Dans une troisième procédure, un homme, également «adepte de chemsex» selon le parquet, a été renvoyé devant le tribunal fin avril pour importation, acquisition, transport et cession de stupéfiants (3MMC, cocaïne, ecstasy et MDMA). Le 15 mars, le suspect, âgé d’une quarantaine d’années, avait été découvert seul et inconscient à son domicile par un personnel de ménage. Hospitalisé et interpellé à sa sortie de l’hôpital, il a reconnu devant les enquêteurs «organiser des soirées» chemsex et y «vendre des stupéfiants depuis 2021». «Aucun lien n’a pu être fait entre ces trois procédures», toutes confiées à la Division de la criminalité territoriale, a précisé le parquet de Bordeaux dans son communiqué.
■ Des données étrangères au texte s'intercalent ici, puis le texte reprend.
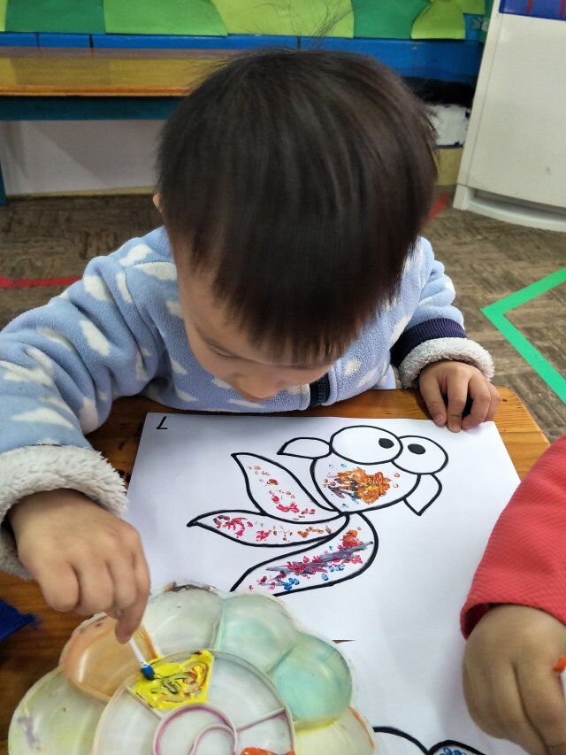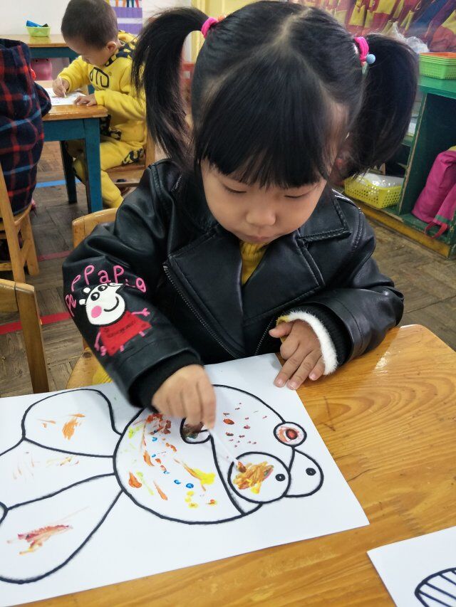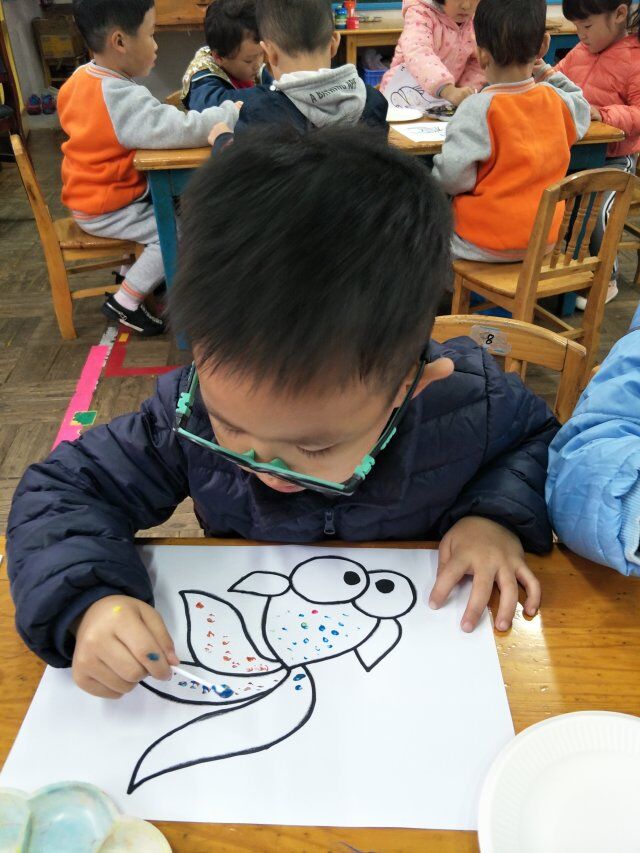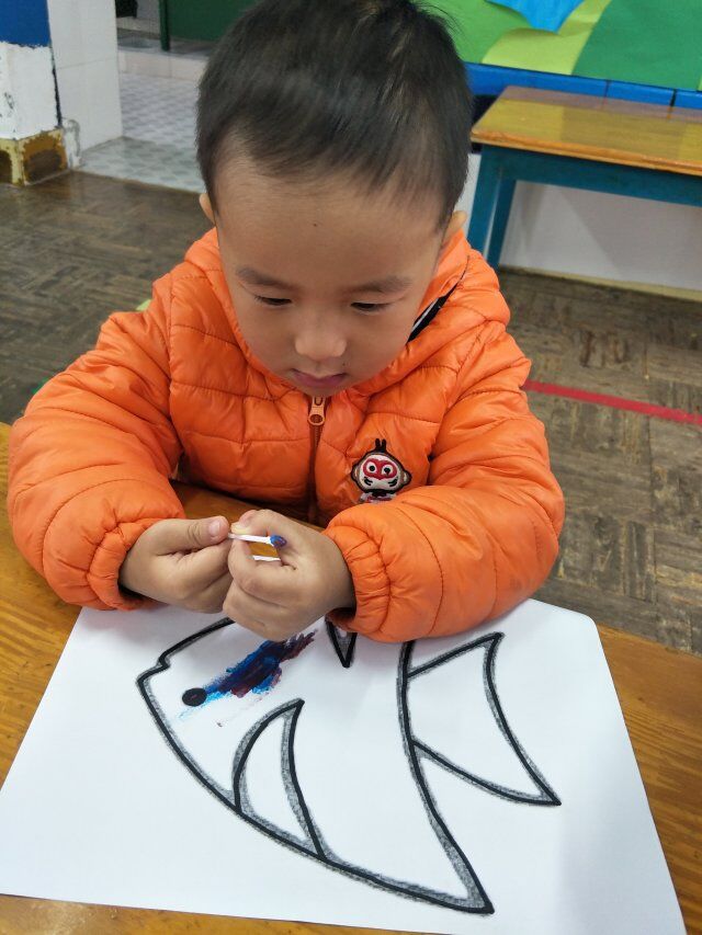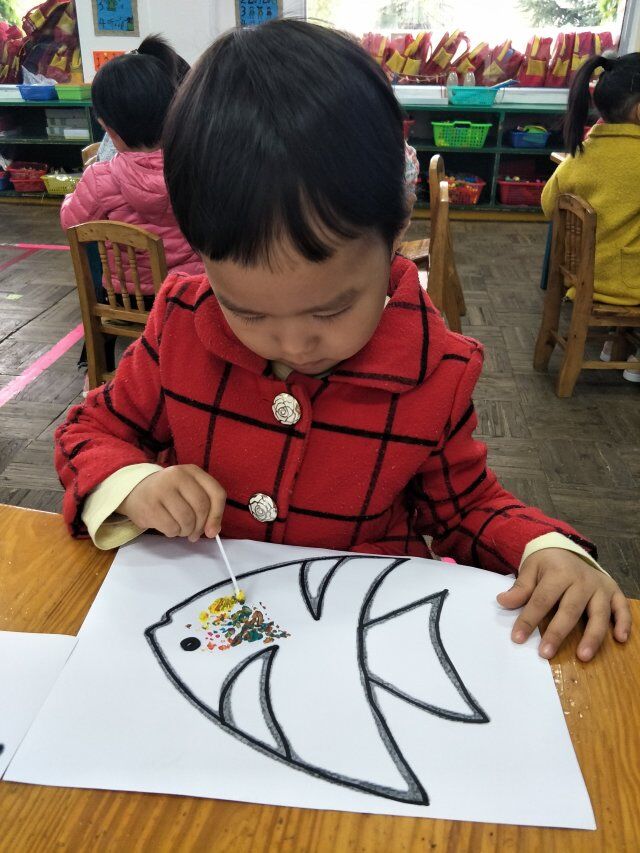 棉签点画不同于平时的蜡笔绘画,它更具有创意,新颖的作画方式总能吸引孩子们,兴趣也是孩子最好的老师,因此本次活动的开展深受孩子的喜欢,每个孩子都能给鱼儿点出不一样衣服。小小的活动不仅仅能锻炼小班幼儿园的手指小肌肉,也能培养孩子对美是感受,表现美,创造美。

Décupler le plaisir sexuel, l’excitation ou encore augmenter l’endurance

Dans un message posté sur X (anciennement twitter), l’addictologue William Lowenstein, président de SOS Addictions, sonne l’alerte autour de ces substances «achetées [dans] la rue» et recommande de ne pas consommer seul, «de faire tester les produits» ou bien de consommer «une mini dose d’abord».

De quelles substances parle-t-on ? Le GHB, pour acide gamma-hydroxybutyrique, est surnommé la «drogue du violeur», l’acide gamma-hydroxybutyrique peut être utilisé à des fins criminelles par des agresseurs qui souhaitent placer leur victime dans un état de sédation pouvant entraîner une amnésie. La 3MMC, pour 3-méthylméthcathinone, est une substance de synthèse appartenant à la famille des cathinones. Sa consommation ne se cantonne plus aux espaces accueillant la pratique du chemsex, généralement associé à la communauté gay sans lui être exclusif. Cette molécule a fait irruption dans le milieu festif queer et les soirées alternatives technos où des personnes se définissant comme hétérosexuelles et ne pratiquant pas le chemsex consomment cette poudre blanche. Ces deux drogues de drogues de synthèse sont souvent prisées des usagers de «chemsex», car leurs effets décupleraient le plaisir sexuel, l’excitation ou encore permettraient d’augmenter l’endurance.

Le «chemsex» est apparu dans les années 2000 et la pratique a été favorisée ces dernières années par les applications de rencontre comme Grindr, pour des sexparties sur un temps long (un week-end, plusieurs jours d’affilée). Outre les risques de surdose ou liés à l’injection de stupéfiants, cette pratique peut entraîner une fatigue intense, avec des effets de déprime, d’anxiété et de paranoïa chez ses adeptes les plus assidus.